If you have a premium 2bdr unit, say a 2bdr at KCP, and want to exchange that for a 2bdr at the Grand Luxxe in Mexico, you incur a 299 *additional* exchange fee because the Grand Luxxe is considered a luxury upgrade (i.e., not a unit size upgrade) and therefore subject to the higher exchange fee.

Additionally, once you confirm your exchange, dont even think about getting a new accommodation without paying an additionally exchange fee.

In other words, RCI platinum seems to have better perks in this sense, as it is my understanding that RCI platinum members do not get charged  an additional exchange fee if a more luxurious upgrade becomes available after the exchange is confirmed.


----------



## presley (May 17, 2016)

It has been my experience that if I deposit a 1 bedroom and I get a match for a 2 bedroom, they don't charge an upgrade fee. So, I see where their wording came from.

I do understand your point, too. They will probably change their wording now that this has been brought to their attention.


----------



## tschwa2 (May 17, 2016)

dominidude said:


> In other words, RCI platinum seems to have better perks in this sense, as it is my understanding that RCI platinum members do not get charged  an additional exchange fee if a more luxurious upgrade becomes available after the exchange is confirmed.

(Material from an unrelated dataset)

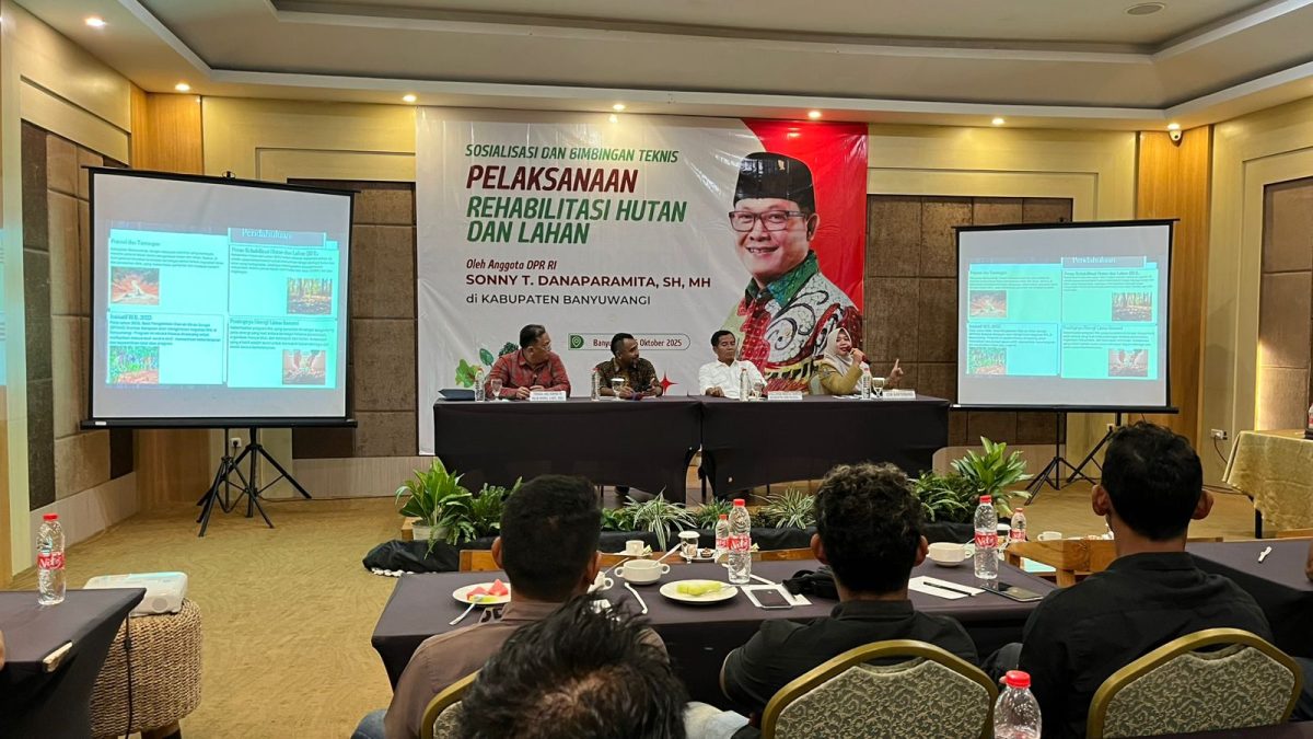 BANYUWANGI — Komitmen terhadap pelestarian lingkungan dan peningkatan kesejahteraan masyarakat kembali ditegaskan oleh Anggota Komisi IV DPR RI, Sonny T. Danaparamita, S.H., M.H. dalam kegiatan Sosialisasi dan Bimbingan Teknis (Bimtek) Pelaksanaan Rehabilitasi Hutan dan Lahan (RHL) yang digelar di Hotel Luminor Klatak Banyuwangi, Senin (6/10/2025).

RCI platinum upgrades are only applicable 14 days or less and only if the upgrade happens to available during the one time of day the system checks or if it happens to be available 14 days or less and you are on the phone with an agent who happens to know how to do the upgrade without charging you for them.


----------



## buzglyd (May 17, 2016)

Grand Luxxe is a residence club and that fee is spelled out on SFX site.


----------



## rickandcindy23 (May 17, 2016)

I was more than willing to pay the fee for our daughter' trip.  Her hubby and kids are over-the-top excited to go at the end of the month.

Since I got the SFX exchange, though, I have seen a few on II.


----------



## bobpark56 (May 17, 2016)

*No extra fees with I.I.*



buzglyd said:


> Grand Luxxe is a residence club and that fee is spelled out on SFX site.

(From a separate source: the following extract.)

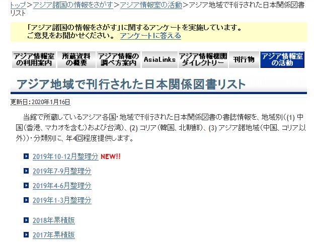 #リサーチ・ナビ に「アジア地域で刊行された日本関係図書リスト」2019年10月-12月整理分を掲載しました。 https://rnavi.ndl.go.jp/asia/entry/bojasia.php …pic.twitter.com/qgJ0nQ81yk

We have twice traded into Grand Luxxe Riviera Maya via Interval International with no added fees. So SFX does seem to be deficient here.


----------



## JuliGee (May 24, 2016)

Grand Luxxe is a private residence club. We have stayed twice using sfx, once at Riviera Maya, and the one in Nuevo which is our favorite. We traded our two bedroom unit Marriott Newport Coast in California and gladly paid the upgrade fee. We didn't complain about it because it was a huge upgrade from what we deposited. Was the unit you deposited equal for trading power to a Grand Luxxe? Or were you trying to get something of far greater value than what you deposited?? 

BTW what resort did you deposit with them?

Juli


----------



## tschwa2 (May 24, 2016)

Its only annoying because I can trade into a studio, 1 br or 2 grande luxxe with a regular II exchange fee of about $164 and a 1 br premier rated resort.  There are hundreds of units available.  Mostly studios and 1 brs.  When the bulk deposits are made there are usually more 2 br grand luxxe and even a few 3 br grand luxxe.

Yes it is an uptrade but supply and demand looks like there is enough supply that it takes a couple of months to get takers for the smaller units and the more off season ones.


I don't think SFX is necesarily pocketing the extra fee, they just didn't have the clout to refuse Vidas demands.  Same with the 1 in X.  For years SFX bragged that they didn't have any but they how to bow under Vidas demand that they implement one for their properties.  II did not.  No residence club extra fee and no 1 in x for exchanges.


----------



## frank808 (May 24, 2016)

tschwa2 said:


> Its only annoying because I can trade into a studio, 1 br or 2 grande luxxe with a regular II exchange fee of about $164 and a 1 br premier rated resort.



II charges $179 for online reservations and $189 if you call in.  Does grand luxxe have a cheaper rate like marriott and starwood?


----------



## rickandcindy23 (May 25, 2016)

Yes, the fee did go up for trading in II.  But still, I agree with tschwa that it is cheaper through II, but if II doesn't have the dates, SFX can most certainly get something.  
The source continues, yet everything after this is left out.